When a task in an AppMesh mesh has been asked by ECS to stop, it needs to notify its downstreams that it is stopping so that the downstreams stop sending traffic before the task stops. This is to ensure the downstreams do not receive any 5xx or timeout errors, which could impact service performance. This is done by signalling the Envoy in the task to go into healthcheck fail mode. The Envoy admin api has an endpoint which controls this. Secondly, this task helper is designed to delay the termination of the application and envoy containers in the task in order to ensure the downstream envoys have completed their upstream health check cycle. When ECS terminates a task, it executes "docker stop" against each container in the task in the reverse order of the defined dependencies in the task. "docker stop" sends a SIGTERM signal to the process inside the container when it runs. After the SIGTERM, this task helper calls the admin api and pauses for a definable drain timeout period. When the task helper DependsOn the envoy and application containers, their termination is delayed. There is a further problem with a race condition that often sees retiring tasks stopped before new tasks are in service during a task definition update. There is a delay period encoded before the admin api is called to ensure that new tasks have plenty of time to become in service before retiring tasks are drained and stopped. This ensures an overlap between the new and retiring tasks so that updates can be non-disruptive.

How to build this

An image containing the application can be generated by running make, or more explicitly make build, in the project folder.

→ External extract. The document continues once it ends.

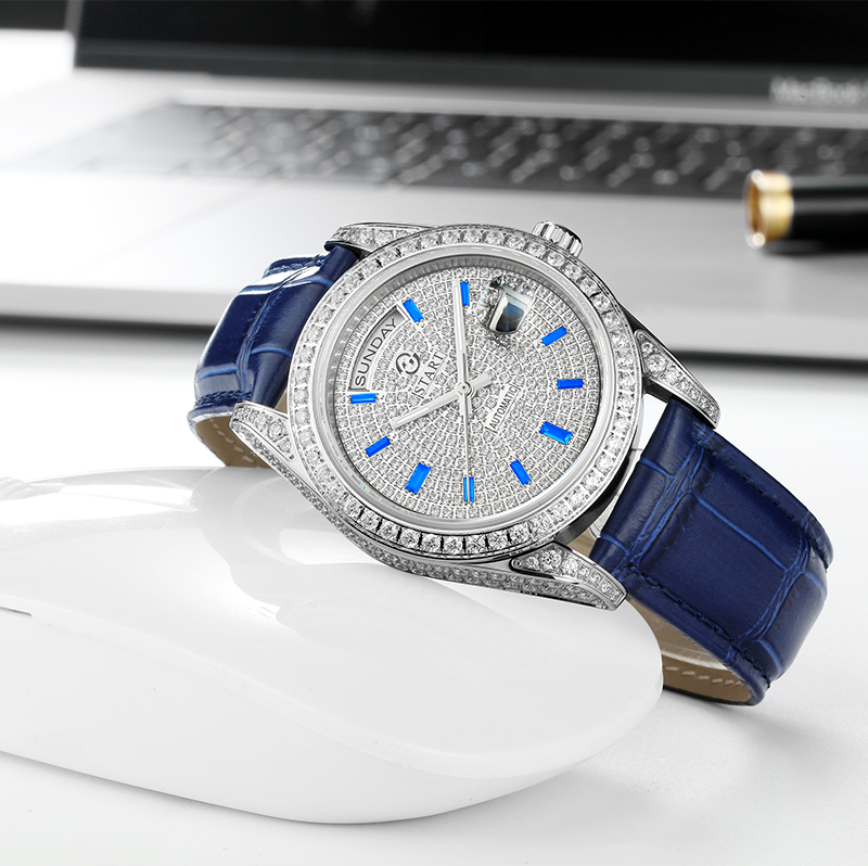 采用的是人工合成蓝宝石的镜面材质,具有不错的防刮耐磨性能。真皮的表带材质,佩戴舒适透气。

The makefile will run the following tasks through batect, using Dockerfile.batect as the runner:

- lint: runs `black` to format, and `flake8` and `hadolint` to lint the source python and Dockerfile.
- test: runs `bandit` security checks, `mypy` typechecks and finally `pytest`.
- build: runs poetry to export the requirements.txt required by the root Dockerfile before building locally.

For CI Jenkins will build directly from the Dockerfile and publish automatically.

How to use this

The container image should then be included in the container definitions for your ECS task, with DependsOn dependencies defined to your application and envoy containers. The task helper container should have a StopTimeout of 120s defined to ensure optimum operation. There are 2 environment variables that can be optionally passed to the container to adjust its operation.

  • DRAIN_DELAY: The time period to wait after the SIGTERM but before calling the healthcheck/fail admin endpoint. Defaults to 40
  • DRAIN_TIMEOUT: The time period to wait after calling the healthcheck/fail admin endpoint. Defaults to 40

License

This code is open source software licensed under the Apache 2.0 License.